Церемонно прикрыв ладонью руку Бэль, он произнес хитрую фразу, позволявшую ему, взяв всю вину на себя, не выглядеть при этом последним мерзавцем. Да, ей достался уникальный экземпляр: из всех мужчин в мире, которые, бросая женщину, оправдываются тем, что не могут ей соответствовать, она подцепила того, кто действительно так думал.
Он закончил свое выступление, не глядя ей в глаза, и подождал ее реакции.
Но молчание, гораздо более тягостное для него, чем для нее, затягивалось.
— …Вы ничего не скажете?
— …
— Вы сердитесь на меня?
— Нет, наоборот. Мне стало легче. Мне не хотелось, чтобы вы страдали после нашего разрыва.
— …?
— Я не имею права дольше подвергать вас риску.
— Какому риску?..
Она никогда не говорила ему этого, но встречаться с ней опасно. Ее уже давно преследуют, следят за ней, ее судьба связана с человеком, с кото рым никому не стоит связываться.
— Как это — следят?
— Он нашел меня. Мне придется вернуться в «Ла-Реитьер».
— Куда?
— Это его вилла, в Лувесьене.
— …В Лувесьене? Это к западу от Парижа?
Она и так уже слишком много сказала. Чем меньше он будет знать, тем лучше для него.
— Но о ком вы говорите?.. Кто вас нашел?
— Я его трофей.
— …?
Она принадлежала кому-то. Влиятельному человеку, которому она была предназначена с детства, она всю жизнь убегала от него, но он всегда ее настигал. Он считал себя ее покровителем, но стал ее тюремщиком. Там, в его огромном имении, в глубине Лувесьенского леса, она была в его власти. Иногда, вечером, он вывозил ее в свет, чтобы показать друзьям. Он хотел видеть ее своей законной женой, матерью своих детей. Бэль не знала, как избежать этой участи, казавшейся теперь неотвратимой. Как она продержалась столько времени вне его власти?

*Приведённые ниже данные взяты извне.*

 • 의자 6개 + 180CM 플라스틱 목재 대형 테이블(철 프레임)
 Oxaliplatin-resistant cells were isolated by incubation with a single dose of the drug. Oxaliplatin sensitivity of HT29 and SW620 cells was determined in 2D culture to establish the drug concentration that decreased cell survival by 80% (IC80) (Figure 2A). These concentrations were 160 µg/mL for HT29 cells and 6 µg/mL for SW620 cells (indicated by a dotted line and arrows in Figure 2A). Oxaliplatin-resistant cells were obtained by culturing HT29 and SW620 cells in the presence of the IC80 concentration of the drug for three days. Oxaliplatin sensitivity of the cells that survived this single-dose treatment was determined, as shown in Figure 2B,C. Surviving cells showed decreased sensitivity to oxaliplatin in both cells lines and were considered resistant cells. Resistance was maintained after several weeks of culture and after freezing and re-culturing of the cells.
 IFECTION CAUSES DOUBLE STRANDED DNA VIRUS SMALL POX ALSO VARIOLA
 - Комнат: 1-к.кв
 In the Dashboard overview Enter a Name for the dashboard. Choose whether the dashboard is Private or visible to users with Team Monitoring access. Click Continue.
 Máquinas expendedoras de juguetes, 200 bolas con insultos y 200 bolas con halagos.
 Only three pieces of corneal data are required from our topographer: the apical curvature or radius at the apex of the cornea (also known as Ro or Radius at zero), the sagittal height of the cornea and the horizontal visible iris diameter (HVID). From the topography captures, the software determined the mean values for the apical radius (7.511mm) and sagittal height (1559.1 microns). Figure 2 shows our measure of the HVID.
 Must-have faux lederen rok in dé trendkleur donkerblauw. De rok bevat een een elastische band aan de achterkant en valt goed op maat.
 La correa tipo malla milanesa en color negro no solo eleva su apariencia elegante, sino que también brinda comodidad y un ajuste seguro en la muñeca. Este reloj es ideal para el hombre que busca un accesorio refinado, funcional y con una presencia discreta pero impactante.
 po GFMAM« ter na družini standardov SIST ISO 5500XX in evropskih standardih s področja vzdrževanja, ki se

— Я об одном прошу вас, Франсуа, ради нас двоих, ради того, что мы пережили вместе. Если я перестану отвечать на ваши звонки, если вы совсем потеряете меня из виду, никогда не обращайтесь в полицию!
— … В полицию?
— Обещайте!
— …
— Обещайте же, или моя жизнь будет в опасности!
— Но, может, вы мне все же скажете, о ком речь? Как его зовут?
— Нет, не скажу. Это в ваших же интересах.
Этот человек связан с мафией, пользуется покровительством политиков, он неприкасаем.
— Однажды он выследил меня в глухом нью-йоркском пригороде и привез к себе. Когда я встретила вас, я подумала, что кошмар закончился, но я ошиблась.